AirFest at James Clements Airport:
July and August are busy months for our community. There are festivals every weekend and some weekends there are more than one taking place. They've grown seemingly each year during the past decade. A new one this year that I really enjoyed was "AirFest 2004" held at James Clements Airport.
I went there for the first show on Friday and returned again on Sunday with grandkids in hand. Both days were very enjoyable. The pilots that performed were amazing to watch. I've seen a few air shows on television, but those are nothing like what you experience by being there in person. The spacious grounds of James Clements Airport provided plenty of room for the large crowd watching the show and those wandering around the grounds. I really like being able to get up close the stunt and other planes that were on display so visitors could touch and fell them. Pilots were glad to answer questions and some even let kids sit in the pilot seat while parents took a picture.
Beside the entertainment, I enjoy this opportunity to see this historical facilities owned by Bay City. Before this was established as an airport in the 1920s, barnstorming pilots often landed here on what was then a bumpy farm field. Can you image the excitement of folks back in 1928 when the first airmail delivery to this area was flown into James Clements Airport! I'm sure that those who said the city was wasting it's money on bulding an airstrip for these new fangled machines that had no value to the general public that was paying for an airport that only accommodate the needs of few airborne fanatics. The world aviation had not been added to Websters dictionary yet -- the introduction of flying machines by the Wright brothers had only been demonstrated in 1903 and was no threat to the mighty railroad industry or the upcoming motorized carriages.
Today, it's hard to imagine what life would be like without aviation.
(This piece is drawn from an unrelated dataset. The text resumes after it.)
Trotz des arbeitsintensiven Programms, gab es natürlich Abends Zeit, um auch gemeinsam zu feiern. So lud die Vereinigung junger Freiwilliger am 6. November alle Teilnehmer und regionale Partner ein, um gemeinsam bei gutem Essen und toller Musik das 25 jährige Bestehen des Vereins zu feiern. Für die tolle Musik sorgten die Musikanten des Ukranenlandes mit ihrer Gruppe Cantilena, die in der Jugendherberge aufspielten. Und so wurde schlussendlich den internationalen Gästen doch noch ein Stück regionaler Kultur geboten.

Some tax payers still struggle with the question of what importance a city owned airport has to them. Today, the much larger MBS International airport is meeting the needs of the general public. While that is true, it is also true that James Clements Airport meeting more than the needs of local pilots. Many businesses planes fly into James Clements which is more convenient for them than MBS International. The airport is a way point and a destination for smaller aircraft that refill their planes here. All paid for these services offsetting tax dollars required to maintain the airport.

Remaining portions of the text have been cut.